Medical records were selected for review based on the identification of patients who met the criteria for at least one trigger. Electronic lists were obtained daily from the clinical laboratory (for abnormal laboratory results, positive cultures, and fresh frozen plasma) and the pharmacy (for medications). Neonates were excluded from the study and no surveillance was conducted while patients were in the operating rooms, labor and delivery, or the emergency department. No pediatric medical records were reviewed as our institution has no pediatric inpatient units other than the neonatal intensive care unit. Only patients hospitalized for at least 48 hours and still in the hospital at the time of medical record review were included.

Each weekday, medical records were assigned for review by a study case manager. The case manager is a nurse on the research team who compiled a daily list of records for review based on the electronic laboratory and pharmacy reports. Assignments were made based on our goal of reviewing 300 medical records over a period of 3 months. Medical records were assigned according to the following algorithm. All cases with two or more triggers were assigned first. Cases were then assigned sequentially, one from each of the three following categories, on a rotating basis: cases from the medication list, cases from the abnormal laboratory value list, and cases in which the patient had a positive blood culture. Approximately 8% of the records eligible for review were assigned for review over the course of the study.

Data collection and rating procedures

Medical record review was performed by trained patient safety researchers grouped into teams composed of one registered nurse and one pharmacist. A schedule was established to ensure that surveillance was performed each weekday; triggers from the weekend were included in cases reviewed on Monday.

When performing surveillance, all components of the medical record were reviewed to fully assess the context of all identified triggers and to identify non-triggered events (events not directly related to one of the study triggers but discovered during record review). As medical records were undergoing a transition from paper to electronic at the time of the project, surveillance required a review of both paper records (physicians’ progress notes, the medication administration record, and nursing flow sheets) and of the electronic medical record (laboratory results, radiology results, and some nursing documentation). Once the trigger was assessed, the researchers continued to review the complete medical record for any additional events. Events that occurred in the outpatient setting but were identified during the patient’s hospitalization were recorded and documented as being outpatient events. All relevant information was documented on a standardized data collection form. Investigators discussed events with the clinicians providing direct patient care when additional information was needed or when a situation was discovered which required immediate action to prevent or mitigate harm.

Surveillance of each medical record was performed using a flow diagram based on the methodology used in the Harvard Medical Practice Study15 (fig 1). The National Coordinating Council for Medication Error Reporting and Prevention (NCC MERP) scale (table 2) was used for severity ratings.16 The flow diagram assisted the investigators in answering the following questions:

Table 2

 NCC MERP index for categorizing medication errors16

Figure 1

 Flow diagram for assessment of adverse events.15

  • Was there harm? (Yes/no)

  • If there was harm, rate your confidence that it was caused by medical management. (Six point scale, dichotomized for analysis)
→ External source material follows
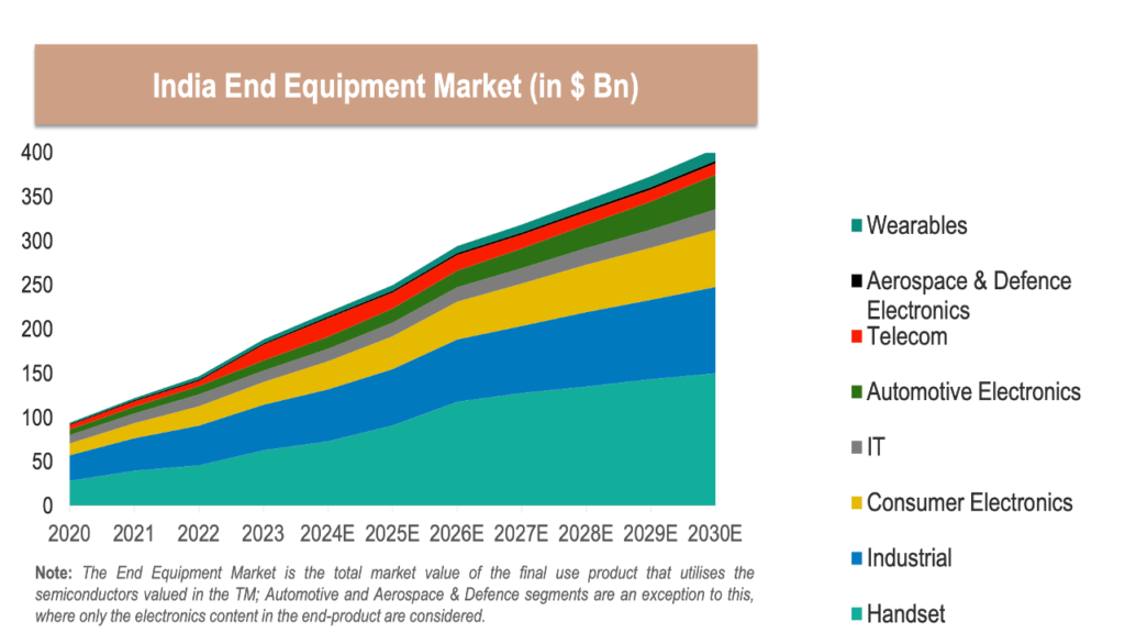 The US$400 billion surge in end-equipment market, which is the total value of finished electronics goods produced or sold in India, is powered by a rapidly maturing semiconductor ecosystem. The IESA report forecasted the India semiconductor market, which is the semiconductor components integrated into finished products, will cross the US$100 billion threshold by 2030.

  • If there was harm and it was likely caused by medical management, was it preventable? (Four point scale, dichotomized for analysis)

  • If there was harm and it was likely caused by medical management, rate the severity of the harm. (Five point scale, NCC MERP categories E–I)

  • If there was no harm, was there an error? (Yes/no)

  • If there was an error but no actual harm, rate whether the error reached the patient. (Three point scale, NCC MERP categories B–D)

Any laboratory value in the critical range for our laboratory was classified as harm.17 Additionally, all adverse events were categorized by type of event based on a taxonomy used for quality assessment of incidents reported through the hospital’s voluntary reporting system. A summary of the event classification taxonomy is shown in table 3.

Table 3

 Adverse events by type of event

The two members of each research team reached consensus on all event ratings, then presented events with harm to one of two board certified internists who independently performed all ratings. For any rating on which the physician reviewer and researchers did not agree, the second physician conducted an independent review. Had there been instances of continuing disagreement, resolution would have been achieved through discussion between the two physician reviewers; however, no such instances arose.

Data analysis

Data analysis was performed using Microsoft Excel (Version 2002), Microsoft Access (Version 2002), and SPSS (Version 11.5, Chicago, IL). Categorical variables were analyzed using the χ2 test or Fisher’s exact test, as appropriate. Analysis of continuous variables was performed using the Wilcoxon rank sum test. Two tailed tests were used and a p value of ⩽0.05 was considered statistically significant.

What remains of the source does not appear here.